I built a reasonably basic client-server IoT setup in C++ with a Raspberry Pi 5 server and a few Raspberry Pi Pico W clients. It's nothing special, just keeps track of some temperature and voltage readings for an off grid solar and hydropower system that powers a couple of houses.
I am struggling with the Raspberry Pi Pico W clients randomly crashing outputting *** PANIC *** now and then. If I could work out how catch and handle whatever the error is I could consider the system functional.

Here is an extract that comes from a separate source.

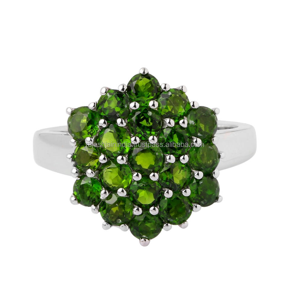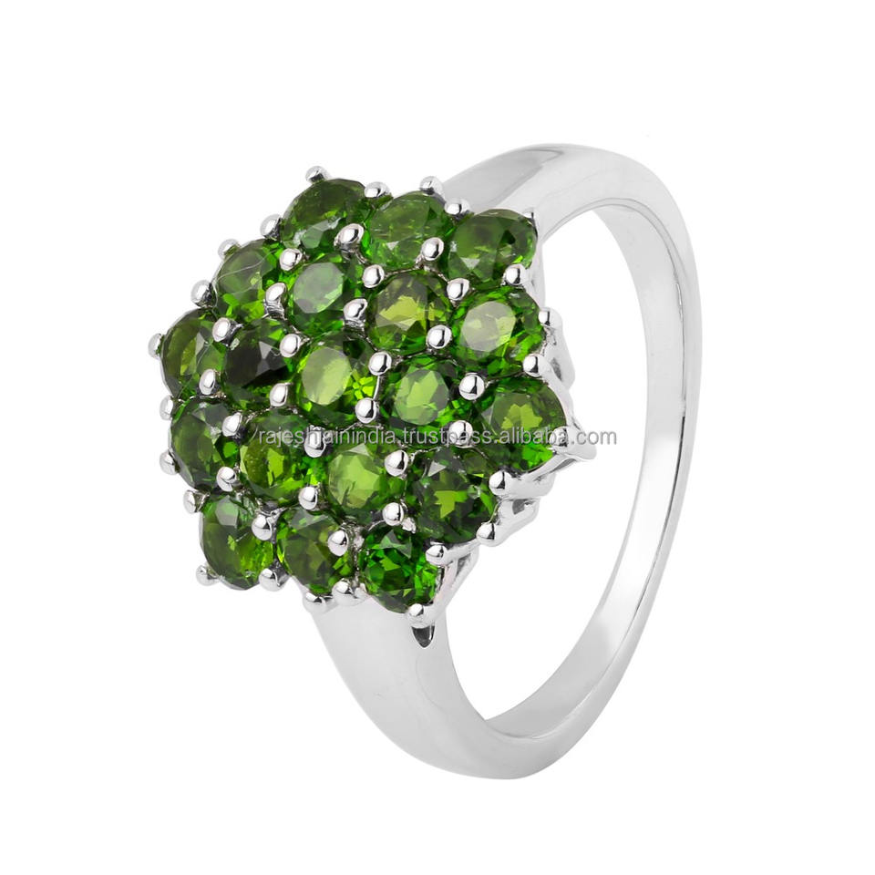 ธรรมชาติโครเมี่ยม Diopside แหวนเงิน925

Even a hard reboot and just start again would be better than as is having to pull the plug to get it working again.
This is the last few lines of serial output before the Raspberry Pi Pico W calls exit(1), I included one complete send/receive followed by a send/failedReceive, but there ate many identical successful send/receives
StartTasks...
task1: Connecting to access point JDnD
Connected to wifi with an IP address
MAC ADDRESS: D83ADD3E85F9
IP ADDRESS: 192.168.1.66
task2: Connecting to 192.168.1.1 port 8081
task3: waiting for connection from server.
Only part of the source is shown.